The Straphangers’ spokesperson said that any shortfall the MTA faces from state funding would have to be made up from other sources, such as the city, the federal government, or even the liquidation of real estate assets.

Russianoff noted that Cuomo still has the opportunity to revise the language regarding MTA capital funding in amendments introduced between now and the April 1 deadline for the Legislature to adopt a final budget.

For East Siders, a key concern in the MTA’s capital program is the Second Avenue Subway project. The agency is currently still in the midst of completing the project’s first phase that will expand the Q line from 63rd Street to 96th Street by opening three new stations. While the first phase is expected to finish by December of this year, Phase Two of the project was dealt a huge blow after the MTA cut nearly $1 billion from its funding in the 2015-2019 capital plan approved in October.
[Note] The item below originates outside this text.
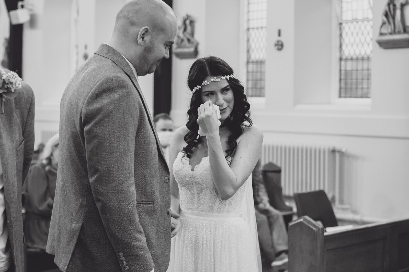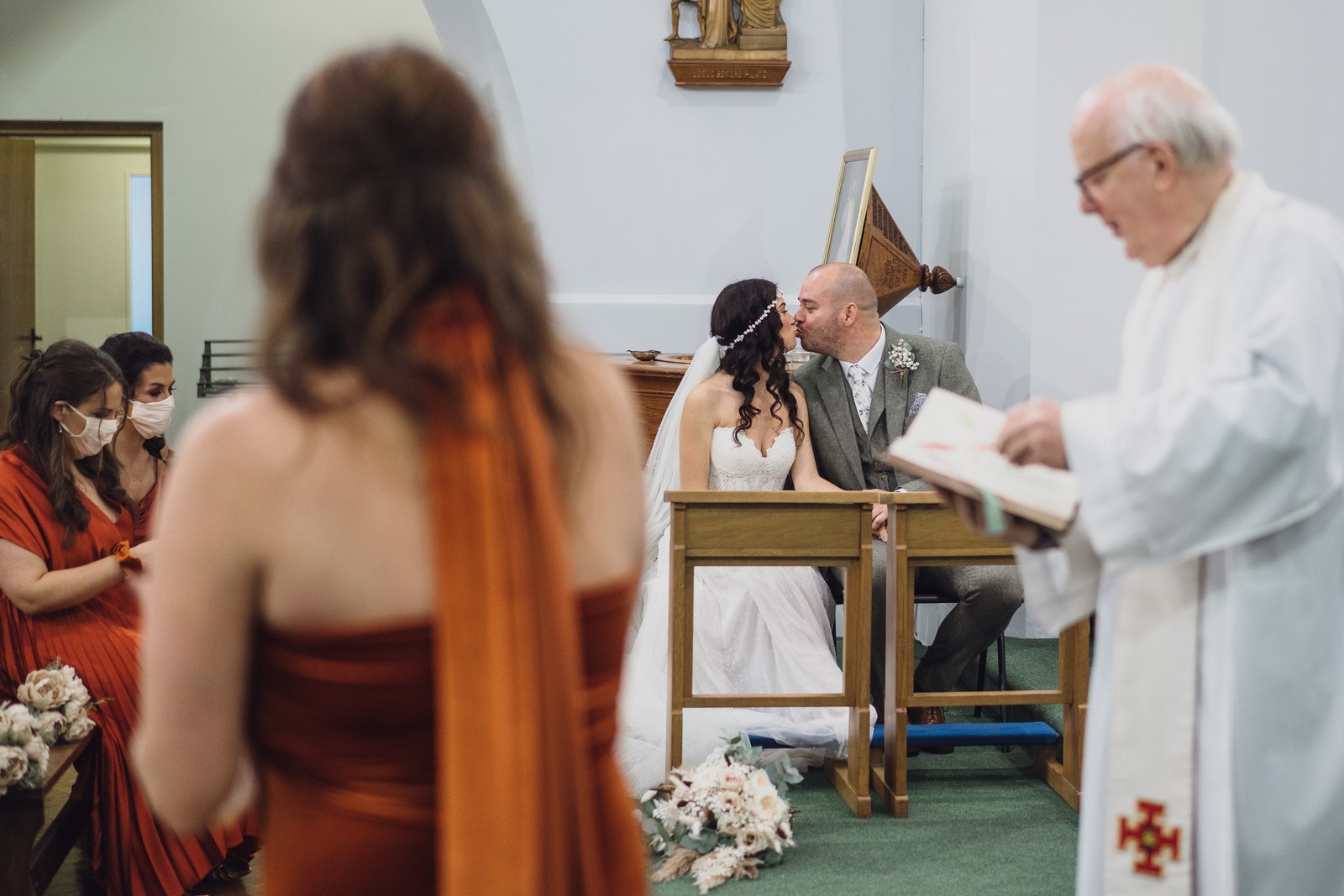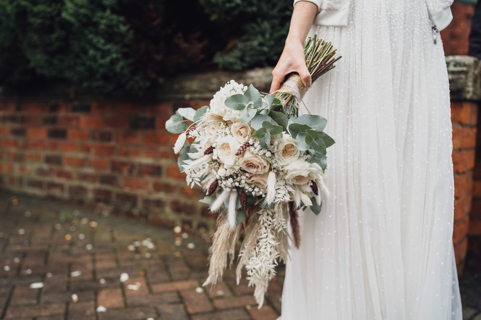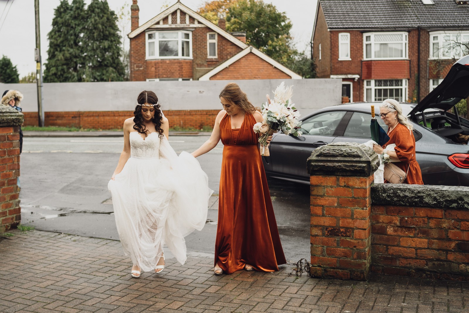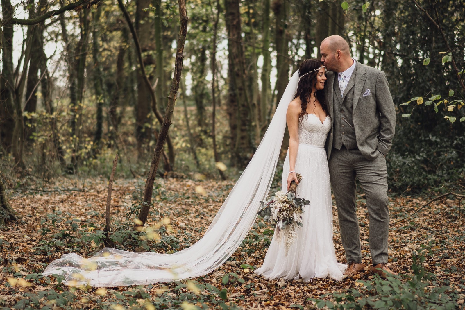 Cheshire wedding photographer covering the Northwest. I loved absolutely everything about Sophie and Tush’s wedding. It was small and intimate but so much fun! They didn’t let covid or the rain stop them and they married after 13 years together in their beautiful local church. Sophie had always longed for a Maid Marion wedding and she certainly didn’t disappoint! With the help of local suppliers Flossies and Lucinka Hodnett MUA she pulled off the look perfectly. The gorgeous bouquet filled with eucalyptus and pampas was the perfect accent to the beautiful make up and Sophie’s incredible dress. She wore flowers in her hair and donned an elegant but modern bridal jacket which I LOVED! Her veil was long and covered in tiny pearls which looked just stunning.

With second phase completion now expected to be pushed into the MTA’s 2020-2024 capital plan, any snags in state support for the transit agency only make the project’s prospects dimmer.

“If the state says it can’t even fund what the MTA wants to do, what does it say for Second Avenue Subway?” Sifuentes said. “It sounds like the powers that be kind of walked away from getting Phase Two done.”

The MTA’s, Ortiz, however, pushed back against any suggestion the MTA was retreating on the Second Avenue project, emphasizing that the 2019 capital plan retains more than $500 million for its advancement.

“MTA is committed to moving the project forward with funds currently programmed in the plan,” he said, adding that the agency will seek additional funding under the current plan should progress warrant it.